组合图像检索(CIR)是一个根据给定文本修改查询图像的任务。目前的方法依赖于有标签的三元组来训练CIR模型,这些三元组并不像简单的图像-文本对那么常见,从而限制了CIR的广泛应用和其可扩展性。另一方面,零散式CIR可以通过图像描述性对无监督训练进行相对容易的实现,但不考虑图像之间的关系,这种方法往往导致较低的准确性。我们提出了一种新的半监督CIR方法,其中我们在辅助数据中寻找参考图像及其相关目标图像,并使用基于大型语言模型(VDG)生成描述两个视觉差异(即视觉差)的文本。VDG,拥有流畅的语义知识,且对模型无依赖,可以生成伪三元组来提高CIR模型的性能。我们的方法显著提高了现有监督学习方法,并在CIR基准测试中实现了最先进的性能。
https://arxiv.org/abs/2404.15516
Geospatial Copilots unlock unprecedented potential for performing Earth Observation (EO) applications through natural language instructions. However, existing agents rely on overly simplified single tasks and template-based prompts, creating a disconnect with real-world scenarios. In this work, we present GeoLLM-Engine, an environment for tool-augmented agents with intricate tasks routinely executed by analysts on remote sensing platforms. We enrich our environment with geospatial API tools, dynamic maps/UIs, and external multimodal knowledge bases to properly gauge an agent's proficiency in interpreting realistic high-level natural language commands and its functional correctness in task completions. By alleviating overheads typically associated with human-in-the-loop benchmark curation, we harness our massively parallel engine across 100 GPT-4-Turbo nodes, scaling to over half a million diverse multi-tool tasks and across 1.1 million satellite images. By moving beyond traditional single-task image-caption paradigms, we investigate state-of-the-art agents and prompting techniques against long-horizon prompts.

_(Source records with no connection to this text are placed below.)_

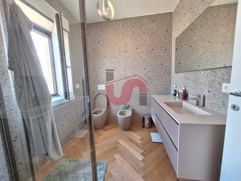 L'immobile viene consegnato con infissi in Alluminio vetrocamera di ultima generazione, sistema di condizionamento ad aria caldo/freddo incassato in controssoffitto con pompa di calore ad alta efficienza, Videocitofono, tapparelle elettriche, allarme, PARQUET spina ungherese, porta blindata, LED, igienici colorati marca cielo, rivestimenti bagno da 280 cm in cherlite, IMPIANTI A NORMA.
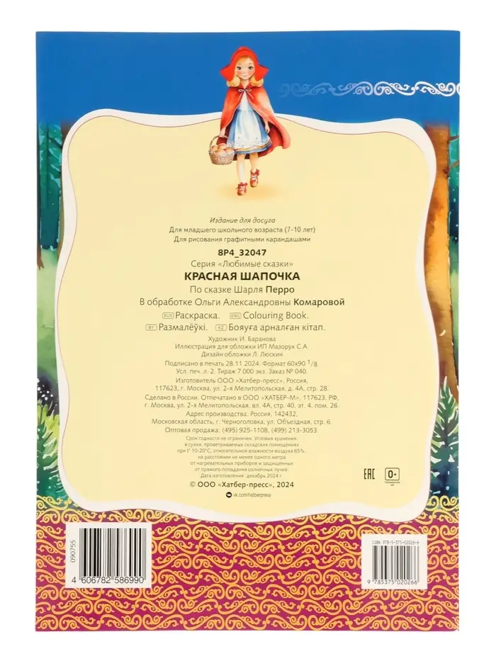 Раскраска «Красная шапочка», 8 стр., А4
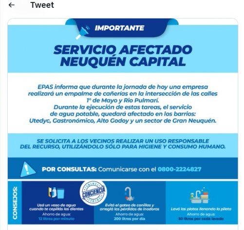 "EPAS informa que durante la jornada de hoy una empresa realizará un empalme en la intersección de las calles 1° de Mayo y Río Pulmarí", detalle el comunicado y sigue: "Durante la ejecución de estas tareas, el servicio de agua potable quedará afectado en los barrios: Utedyc, Gastronómico, Alto Godoy y un sector de Gran Neuquén".
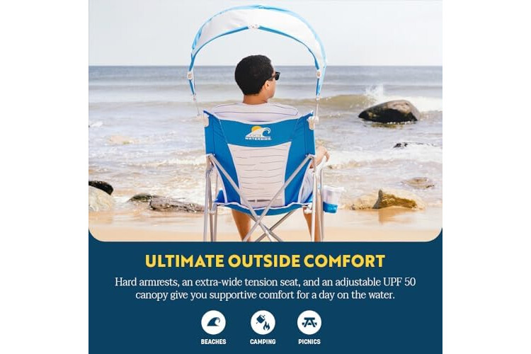 SUN. SURF. SAVOR. A folding chair fit for a captain! Hard armrests, a wide tension seat, and an adjustable UPF 50 canopy — the SunShade Captain's Chair gives you the support and comfort you need for a long day on the water or on the field.
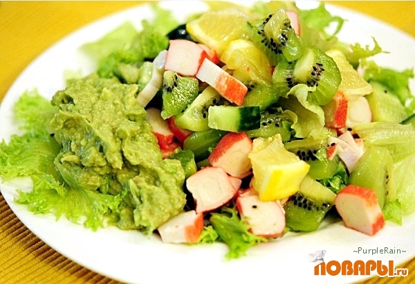 Теперь нам нужно приготовить авакадо. Это будет так сказать соус к нашему салату, его можно будет или перемешать с салатам, или намазать на тостеры и кушать с салатом. Хотя это дело не хитрое и можно вообще не делать соус из авакадо, как говорят «кашу маслом не испортишь».
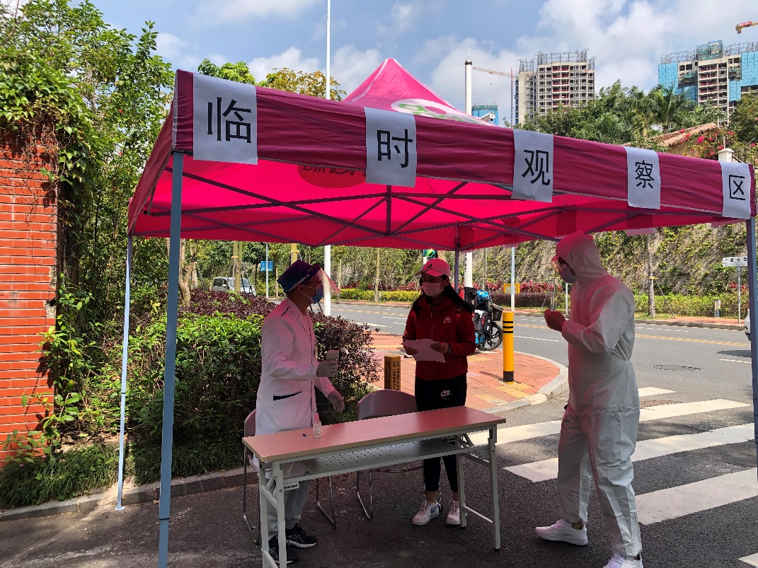 在体温检测中,一名入校学生模拟出现发热情况,研工办工作人员立刻将该生引导至校门外的临时隔离点,并联系社康中心工作人员到场。社康中心工作人员到场后对该生进行体温复查、初步排查随后联系120将该生送到指定医院。在临时隔离点,研工办人员对该生进行了信息登记,心理中心工作人员对该生进行心理安抚,并将情况及时向院应急领导小组报告。
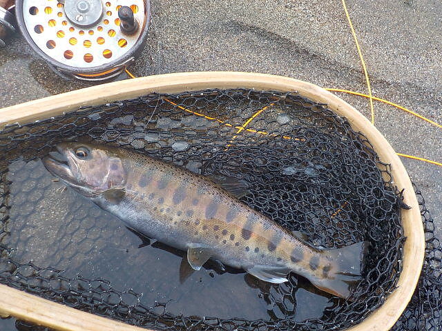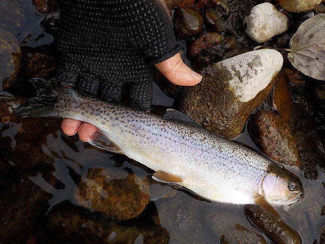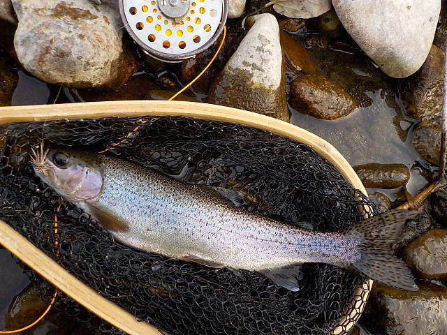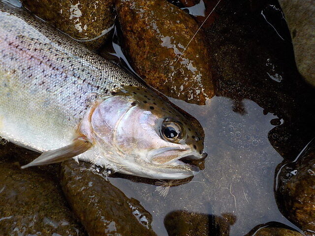 放置されたブロック石で水流がゆるやかになったタルミに毛鉤を振ると、猛然と27cmの虹鱒が食らいついた。

地理空间协同飞行器通过自然语言指令解锁了执行地球观测(EO)应用前所未有的潜力。然而,现有的代理依赖于过于简单的单一任务和基于模板的提示,与现实世界的场景存在割裂。在这项工作中,我们提出了GeoLLM-Engine,一个由远程 sensing 平台上的分析师定期执行复杂任务的工具增强代理的环境。我们通过添加地理空间 API 工具、动态地图/UI 和外部多模态知识库来丰富我们的环境,以便更准确地衡量代理在解释真实高级自然语言命令方面的熟练程度及其在任务完成中的功能性正确性。通过减轻与人类在环基准 Curation 相关的开销,我们在100个GPT-4-Turbo节点上充分利用我们的大规模并行引擎,扩展到超过50000个多样化的多工具任务和1100万卫星图像。通过超越传统单一任务图像捕捉范例,我们研究了最先进的代理和提示技术对抗长距离提示的现状。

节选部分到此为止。